The door-to-door testing program was able to provide HIV testing, at least once, for 88% of people contacted. And in each round, over 70% of those contacted, accepted the offer of repeat testing.

But when individuals were diagnosed, linkage to care was poor:

  • 3 months after diagnosis, 28% had attended an antiretroviral clinic;
  • 6 months after diagnosis, 36% had done so;
  • 12 months after diagnosis, 47% had done so.

Those figures were nearly identical for both the control and intervention groups. But as envisaged, far more people in the intervention group (91%) than in the control group (52%) began HIV treatment soon after linkage to care. Almost all people who began treatment achieved an undetectable viral load.

In terms of the 90-90-90 target, both the "first 90" and the "last 90" were surpassed in both intervention and control communities. But results for the "second 90," reflecting the numbers beginning treatment, were poor.

  • Proportion diagnosed: 92.3% and 93.4% of people with HIV in intervention and control communities respectively;
  • Proportion on treatment: 49.2% and 46.0% of those diagnosed, in intervention and control communities respectively;
  • Proportion virally suppressed: 93.4% and 93.6% of those on treatment, in intervention and control communities respectively.

As a result of the problems at the second stage, only 42.4% of people with HIV in intervention communities and 40.2% of people in control communities had an undetectable viral load. (If each 90 had been achieved, 73% of all people with HIV would be undetectable.)

It is also worth noting how similar the results were between the intervention and control groups.

Overall, there were 495 new HIV infections recorded, over 22,434 person years of follow-up. This equates to an annual incidence of 2.21% (i.e. each year, 2 people in 100 newly acquired HIV).

Incidence did not differ between the intervention clusters (2.13%) and the control clusters (2.27%) -- this difference was not statistically significant.

"The universal test-and-treat strategy had no measurable effect on HIV incidence over the course of the trial," Dabis summed up.

However, he stressed two pieces of good news from the trial. First, there was good take-up of the offer of repeated HIV screening at home, with almost all people being tested at least once.
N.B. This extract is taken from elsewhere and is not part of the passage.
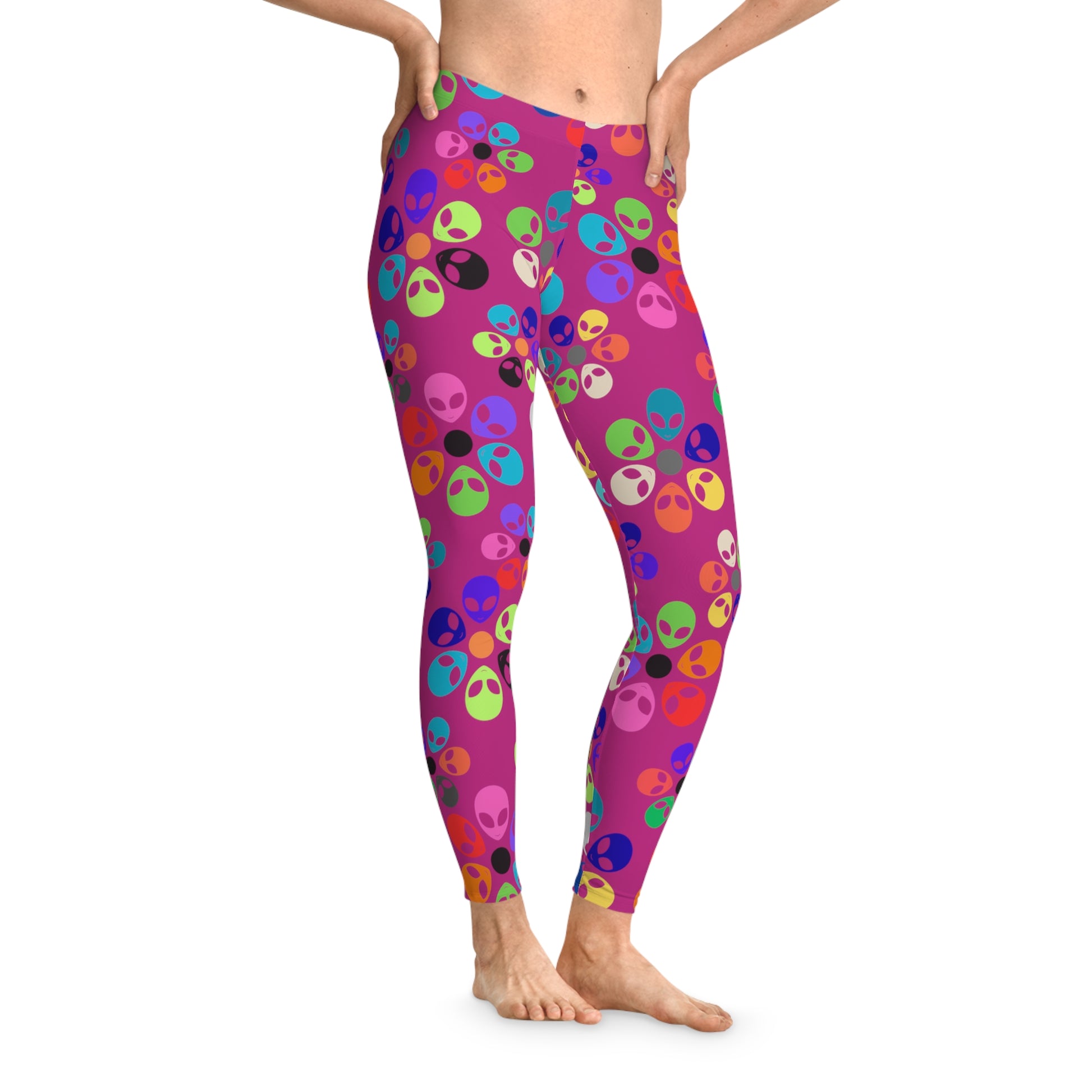 Introducing these vibrant ankle-length leggings, perfect for those who love to express their unique style. With an all-over, eye-catching print featuring colorful alien faces, these leggings are sure to make you stand out in any crowd. They offer a perfect blend of comfort and flair, ideal for casual outings, yoga sessions, or lounging at home. The stretchy material molds to your figure, providing unrestricted movement while keeping you fashion-forward. Whether you're dressing up for a fun night out, celebrating Halloween, or just want to add some playful vibes to your wardrobe, these leggings are the perfect choice for anyone who adores quirky fashion. Great for women who love to keep their style both chic and comfortable!

Second, the virological response to HIV treatment was excellent in those people who took it.

Explaining the Results

The analysis presented today was preliminary, as data collection was only completed a month ago. Dabis said that further analyses will attempt to gain a better understanding of how results differed between men and women, and for people of different ages.

The researchers will try to clarify the reasons people did not link to care -- does the explanation lie in the way health services are provided, individual factors, or community stigma? They will seek to better understand the differences between the profile of individuals reached and not reached by interventions.
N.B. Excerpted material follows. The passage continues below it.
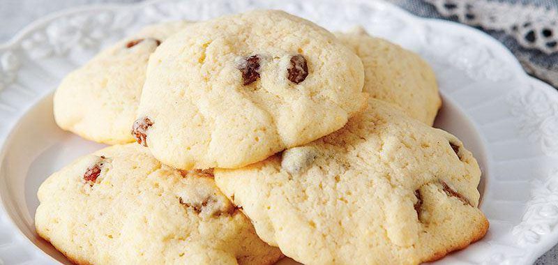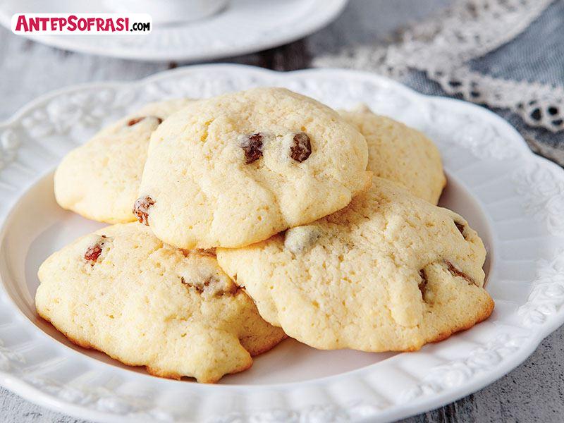 Kuru üzümleri ılık suda 15 dakika bekletin. Fırını 180 derecede ısıtın. Un, mısır unu, kabartma tozu ve tuzu bir kapta harmanlayın. Oda ısısında yumuşatılmış tereyağı ve şekeri bir cam kaseye alın. Mikserle çırpın. Yumurtaları ekleyip çırpmaya devam edin. Vanilyayı ilave edin. Kuru malzemeyi tereyağlı karışıma ekleyin. İyice karıştırın. Suyu süzülmüş kuru üzümleri ilave edin. Karışımdan birer yemek kaşığı dolusu alıp 2 santim aralıklarla yağlı kağıt konulmuş tepsiye dökün. Sıcak fırında 7-8 dakika pişirin. Iındıktan sonra servis yapın.

During the discussion of the presentation, HPTN 052 investigator Myron Cohen from the University of North Carolina suggested that delays in linking to care could have meant that individuals with recent HIV infection disproportionately contributed to onward transmission. Moreover, it will be important to understand the impact of migration and sexual networks which reach outside the study area, which may contribute to new HIV infections.

Dabis said that, although the study was hypothesized to show an effect of TasP after 4 years of follow-up, it may be that it will take longer to have an impact on incidence, in light of the slowness of linkage to care.

Other delegates suggested that the intervention clusters may not have received a package of interventions that was sufficiently intensive, in comparison with the control clusters. For example, a more intensive approach to help people link to care, such as home-based initiation of HIV treatment, could have had a greater impact.

Sheri Lippman from the University of California, chairing the session, commented that it may take more than technical solutions to deal with the structural barriers to engagement with care that exist. 



C Iwuji, J Orne-Gliemann, E Balestre, F Dabis, et al. The impact of universal test and treat on HIV incidence in a rural South African population: ANRS 12249 TasP trial, 2012-2016. 21st International AIDS Conference. Durban, July 18-22, 2016. Abstract FRAC0105LB.